** Records **

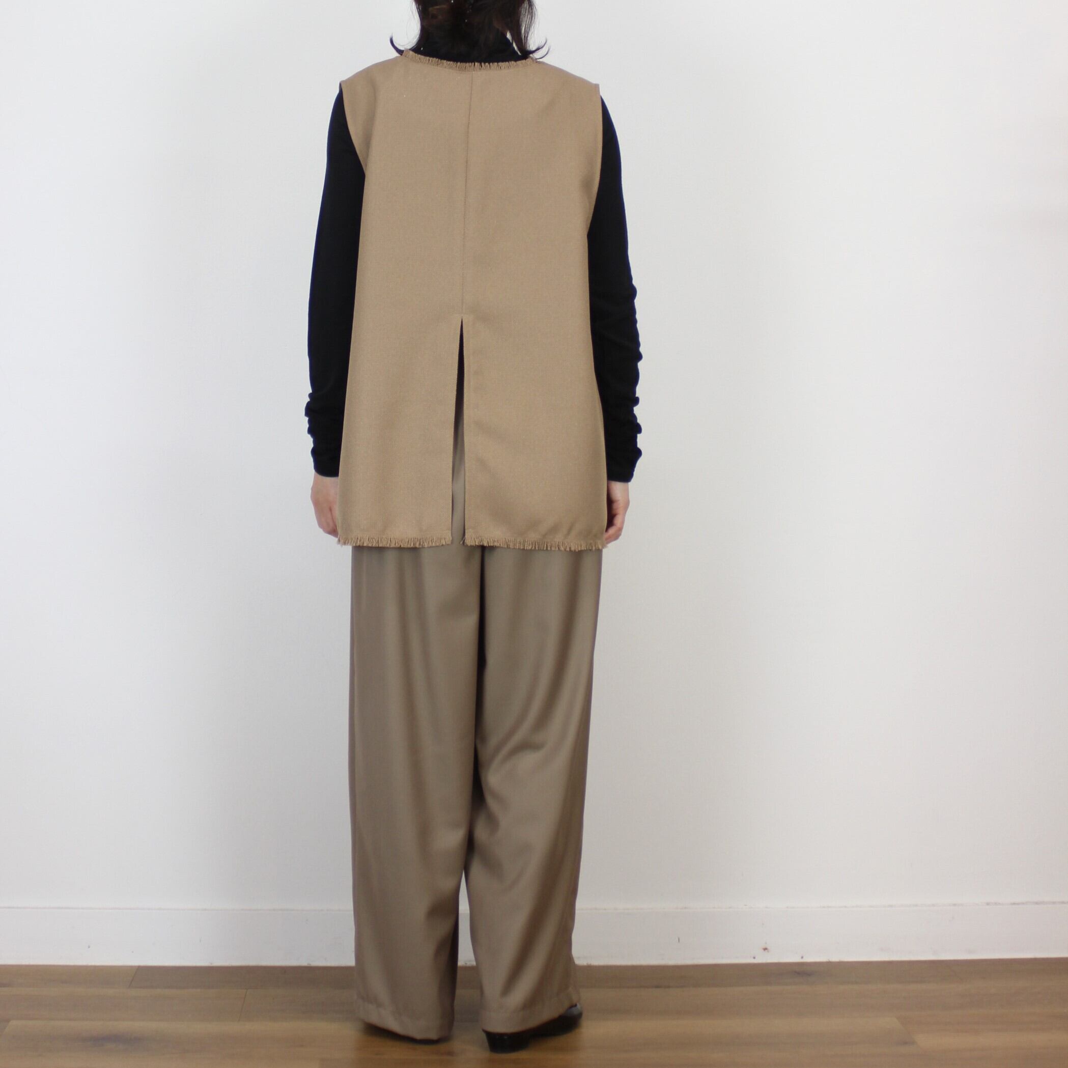 chez-voeu ラメツイルバックスリットベストは、煌びやかなラメの質感と洗練されたデザインが魅力のアイテムです!バックスリットが施されており、動くたびに美しいシルエットを演出します。シンプルな装いに加えるだけで、グッとおしゃれ度がアップし、どんなシーンでも目を引く存在感を放ちます。
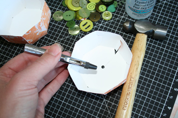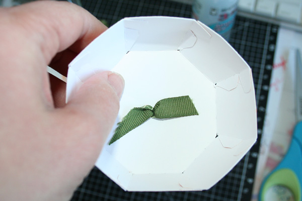 Tip #4 - I tried to slip the ribbon through the notch in the lid, but it made the “stem” off-center, so I used my eyelet setter to poke a hole in the middle of the lid.
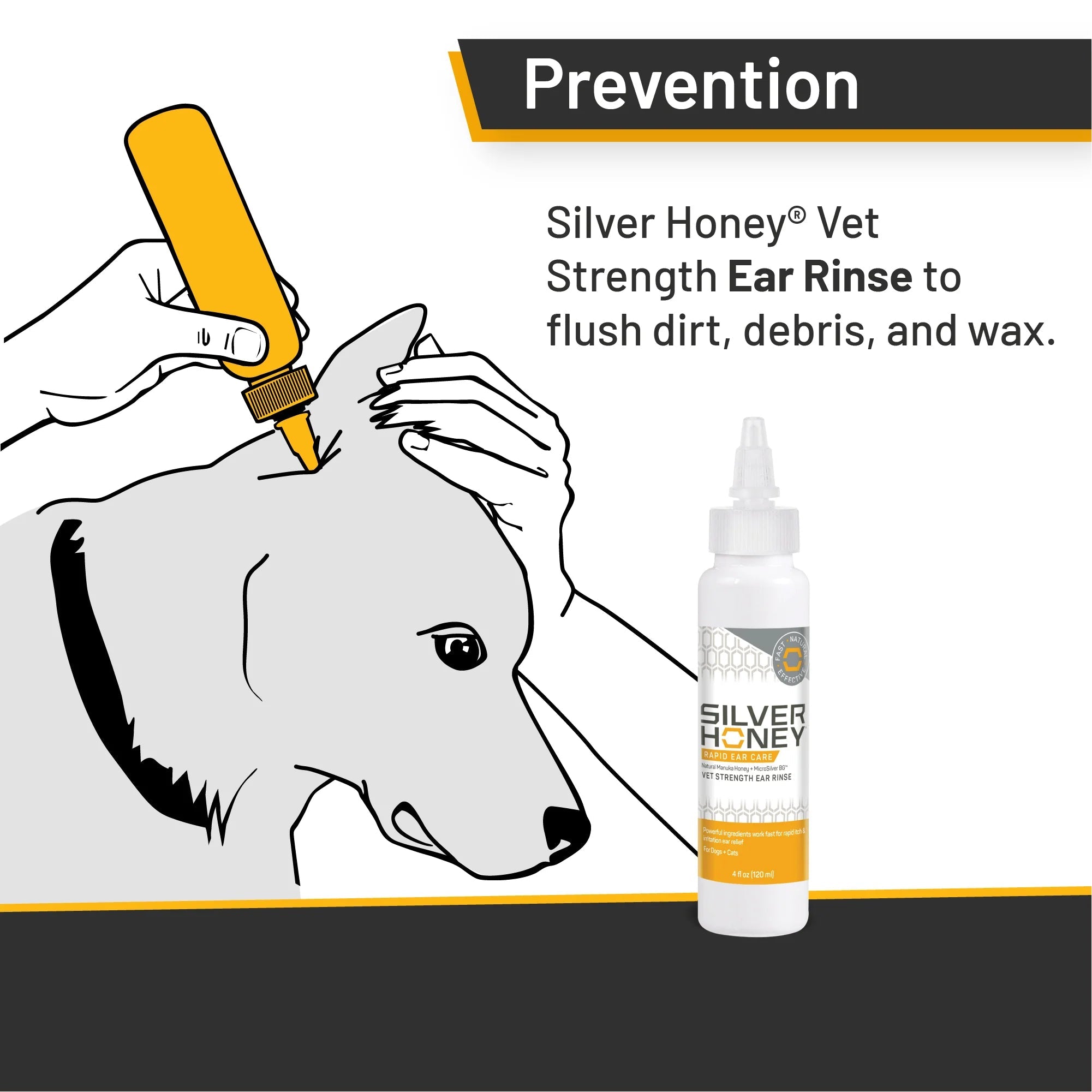 NEW Silver Honey® Rapid Ear Care is a line of revolutionary ear care solutions for all types of ear care needs. Silver Honey® Vet Strength Ear Rinse is a great cleansing solution for ongoing ear health, to keep ears free of debris, and help dogs with swimmer’s ear. 4 fl. oz. Bottle.
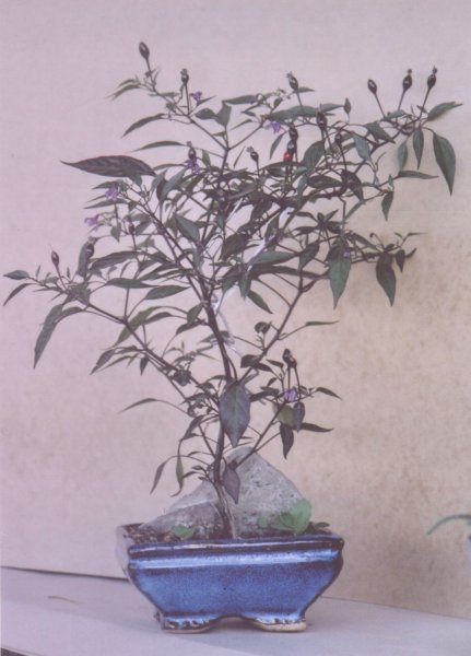 У меня где-то были семена мелкого перчика, по вкусу не пробовала. Лист темный и плоды сначала сиреневые.
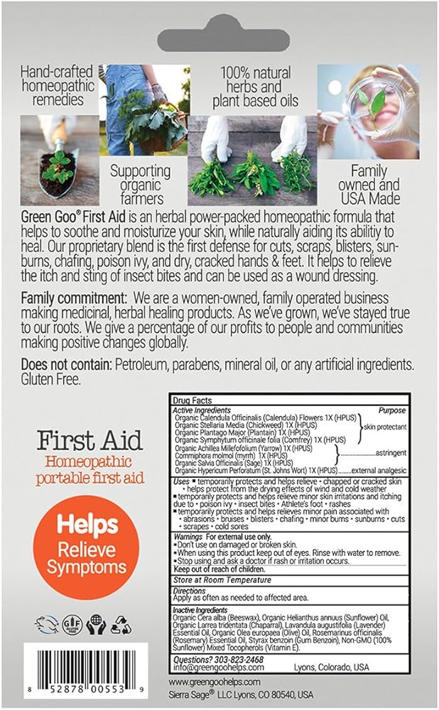 يعزز هذا المرهم النباتي المعبأ بالطاقة والمحمول قدرات جسمك على الشفاء ويحل محل أكثر من 20 قطعة إسعافات أولية تقليدية، مما يجعله مثاليًا لكل مغامرة ومجموعة الإسعافات الأولية. إنه دفاعك الأول عن الجروح والخدوش والبثور وحروق الشمس والاحتكاك واللبلاب السام وتشقق اليدين والقدمين. كما أنه يساعد على تخفيف حكة لدغات الحشرات ويمكن استخدامه كضمادة للجروح.
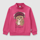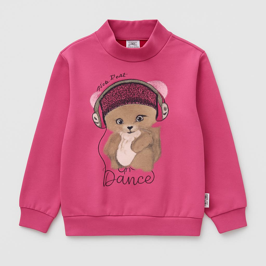 Questa fantastica felpa rosa è perfetta per le piccole amanti della musica e della danza! Con un design adorabile che presenta un orsacchiotto con cuffie e glitter che brillano, porterà un sorriso sul viso di ogni bimba. Il collo alto offre comfort e calore nelle fresche giornate autunnali, mentre il morbido tessuto in cotone garantisce massima comodità e libertà di movimento. Nonostante sia un capo usato, si trova in ottime condizioni, pronta per essere indossata da una piccola star della danza! Un'aggiunta divertente e trendy al guardaroba di ogni giovane fashionista!
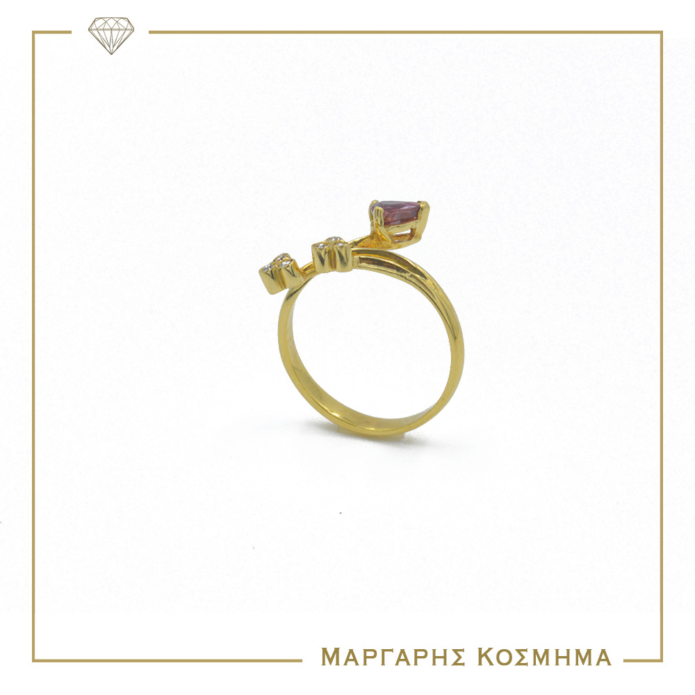 Δαχτυλίδι με ρουμπινή (0,08) και 6 μπριγιάν (di.0,12) σε κίτρινο χρυσο
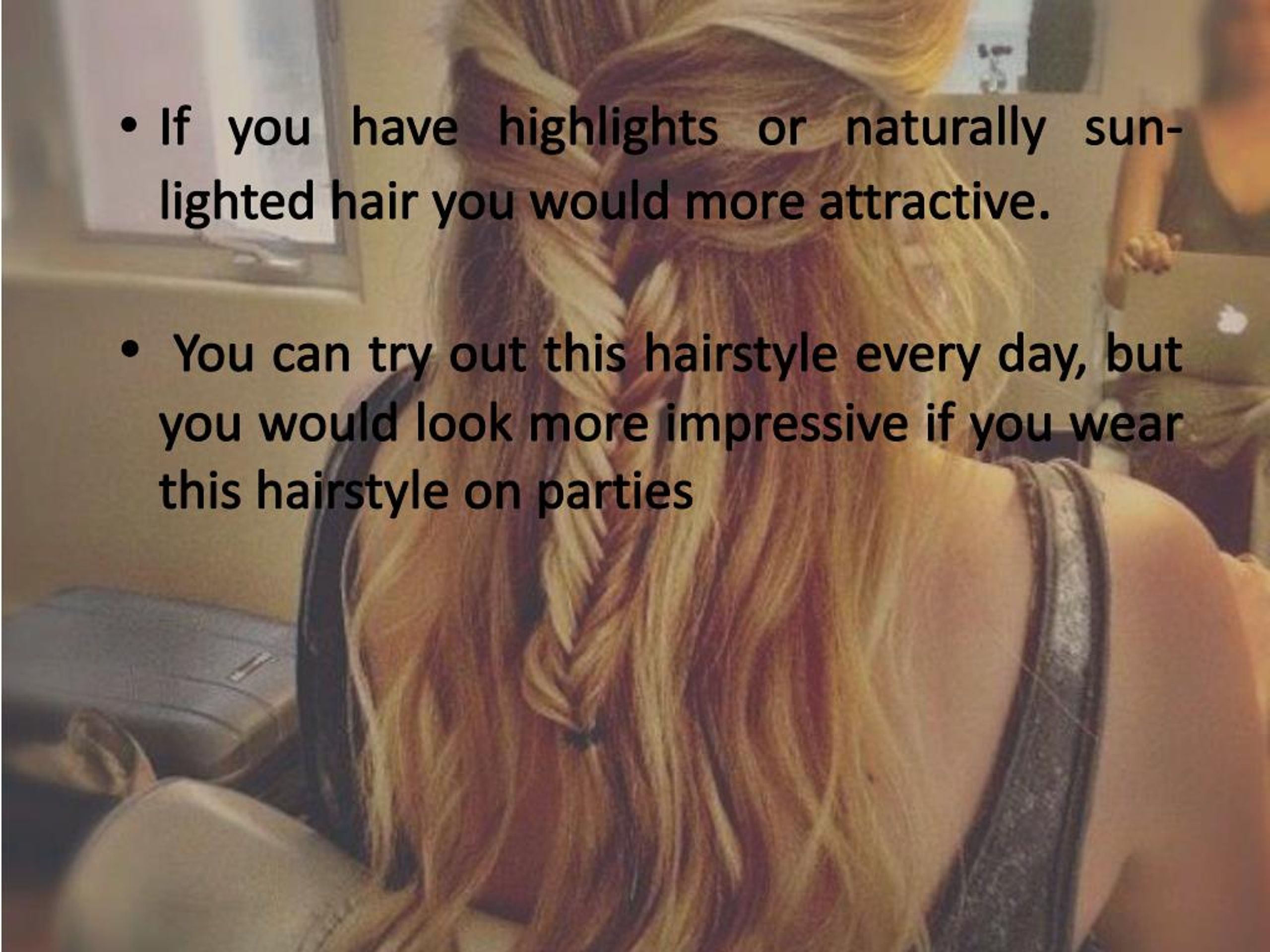 If you have highlights or naturally sun-lighted hair you would more attractive. • You can try out this hairstyle every day, but you would look more impressive if you wear this hairstyle on parties

** What to do **
Every line from the one containing "Tip #4 - I tried" through the final line of the records above is to be written out exactly; nothing else, and no pictures.

** Reply to the exercise **
 Tip #4 - I tried to slip the ribbon through the notch in the lid, but it made the “stem” off-center, so I used my eyelet setter to poke a hole in the middle of the lid.
 NEW Silver Honey® Rapid Ear Care is a line of revolutionary ear care solutions for all types of ear care needs. Silver Honey® Vet Strength Ear Rinse is a great cleansing solution for ongoing ear health, to keep ears free of debris, and help dogs with swimmer’s ear. 4 fl. oz. Bottle.
 У меня где-то были семена мелкого перчика, по вкусу не пробовала. Лист темный и плоды сначала сиреневые.
 يعزز هذا المرهم النباتي المعبأ بالطاقة والمحمول قدرات جسمك على الشفاء ويحل محل أكثر من 20 قطعة إسعافات أولية تقليدية، مما يجعله مثاليًا لكل مغامرة ومجموعة الإسعافات الأولية. إنه دفاعك الأول عن الجروح والخدوش والبثور وحروق الشمس والاحتكاك واللبلاب السام وتشقق اليدين والقدمين. كما أنه يساعد على تخفيف حكة لدغات الحشرات ويمكن استخدامه كضمادة للجروح.
 Questa fantastica felpa rosa è perfetta per le piccole amanti della musica e della danza! Con un design adorabile che presenta un orsacchiotto con cuffie e glitter che brillano, porterà un sorriso sul viso di ogni bimba. Il collo alto offre comfort e calore nelle fresche giornate autunnali, mentre il morbido tessuto in cotone garantisce massima comodità e libertà di movimento. Nonostante sia un capo usato, si trova in ottime condizioni, pronta per essere indossata da una piccola star della danza! Un'aggiunta divertente e trendy al guardaroba di ogni giovane fashionista!
 Δαχτυλίδι με ρουμπινή (0,08) και 6 μπριγιάν (di.0,12) σε κίτρινο χρυσο
 If you have highlights or naturally sun-lighted hair you would more attractive. • You can try out this hairstyle every day, but you would look more impressive if you wear this hairstyle on parties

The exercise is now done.